Die Demonstration mit 30.000 (Polizeiangaben) bis 80.000 (VeranstalterInnen) TeilnehmerInnen begann und verlief über weiteste Strecken friedlich, bunt, fröhlich. SambaAttac trommelte, viele tanzten. Anfangs verhielt sich die Polizei im Hintergrund und war wenig sichtbar.
- Gegen Ende attackierten einige DemonstrantInnen zunächst einen leer stehenden Polizeiwagen, der als Provokation empfunden wurde, woraufhin sich kleinere Straßenschlachten zwischen einigen hundert DemonstrantInnen und der Polizei entwickelten.
- Nach einer Phase der Beruhigung, als der Großteil der Demonstration in der Endstation im Hafen angelangt war, entzündeten sich erneut Scharmützel zwischen DemonstrantInnen und der Polizei. Die DemonstrantInnen warfen mit Pflastersteinstücken und Glasflaschen, die Polizei setzte Pfefferspray, Tränengas und Wasserwerfer ein.
- Dabei wurden nach neueren Angaben rund 400 Polizeibeamte verletzt (lange hieß es 125) und rund 500 DemonstrantInnen, jeweils 20 bis 30 davon schwer.
- Damit zur Hauptbotschaft: Das Rostocker Bündnis wurde von 124 Organisationen geschlossen, die gemeinsam eine friedliche Demonstration vereinbarten und auch einhielten. In dem Bündnis war ein großer Teil der linksradikalen Szene eingebunden, von denen geschätzte 7.000 bis 8.000 -
überwiegend schwarz gekleidet - vor Ort waren. Die absolute Mehrheit von ihnen war friedlich.
- An den Auseinandersetzungen mit der Polizei beteiligten sich nur einige hundert Demonstrantinnen, die nicht Teil des Organisationsbündnisses waren und die die friedliche Absicht und Strategie des Bündnisses mit ihrer Eskalationsstrategie unterliefen, was von Seiten der OrganisatorInnen, inklusive der interventionistischen Linken, scharf verurteilt wurde.
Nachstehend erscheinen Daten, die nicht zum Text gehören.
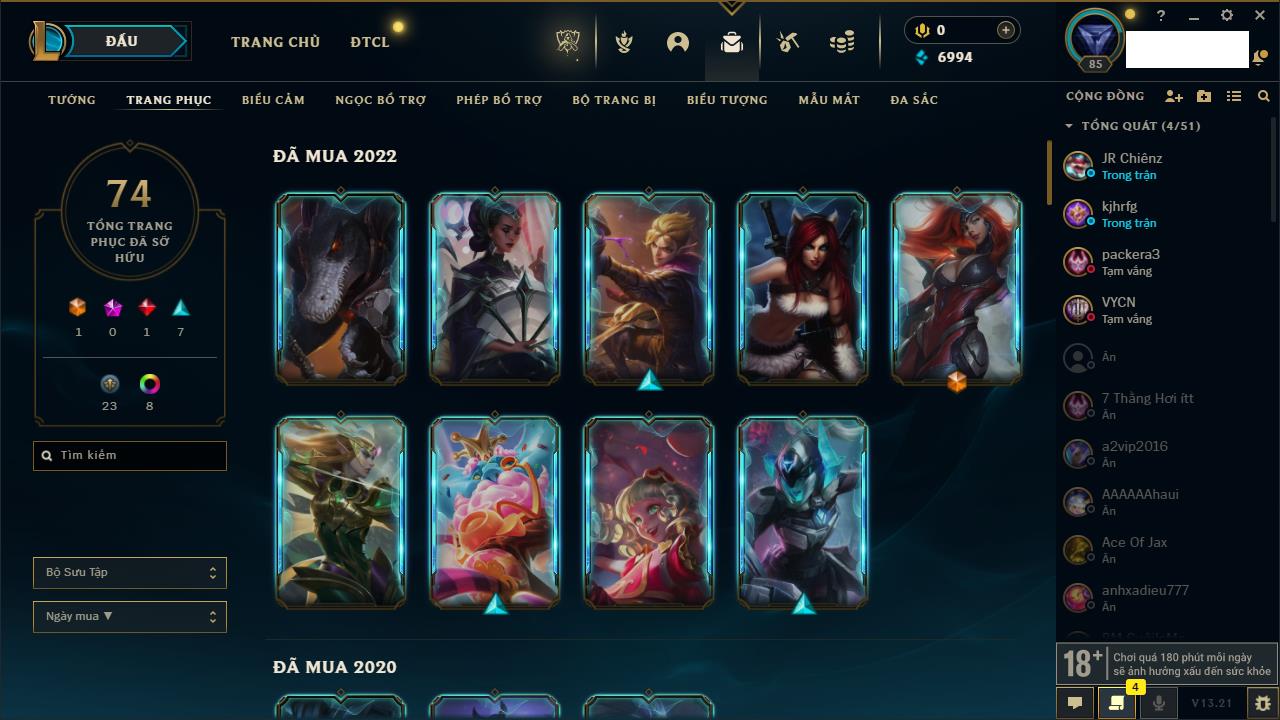 Rank Đơn: Chưa rank mùa nàoKhung: Chưa có khungTướng: 158 - Còn 6970 THXTrang Phục: 32Rank ĐTCL: Chưa RankLinh Thú: 24
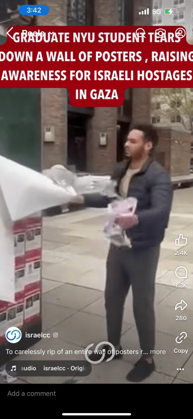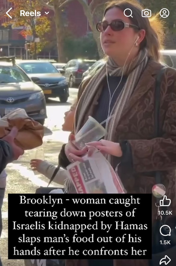 I have decided to collect the faces of the scum that would do this – so they can reside in one place, in infamy – forever googled by prospective employers, customers and those of you seeking services – or perhaps that falafel from the corner vendor. Maybe this is your hair stylist or your law clerk? Take a peak…This is not intended to hurt anyone but rather as a caveat emtor. Buyer beware – you are entitled to know that these people have publicly ripped up posters of Israeli and Jewish hostages.

- Eine Minderheit von - nicht kooperativen - DemonstrantInnen hat es geschafft, den Großteil der Medienaufmerksamkeit vom breiten friedlichen Protest und der inhaltlichen Botschaft auf die "Gewalt" zu lenken. Viele von uns kamen sich missbraucht vor. Nicht nur der Protest ist abgewertet und die gute Stimmung teilweise zunichte gemacht worden, auch die Aktionen der folgenden Tage stehen in Frage.
- Natürlich trifft die Medien ein Teil der Verantwortung. Ein (!) Auto wurde angezündet. In den Medien kamen Bilder rüber, als würde ganz Rostock brennen. Doch diese Logik ist allen bekannt. So gesehen kann man von einer gelungenen Kooperation zwischen den Gewaltbereiten und den Medien sprechen.
- Für die nächsten Tage sind zahlreiche kreative Aktionen und der Alternativengipfel geplant.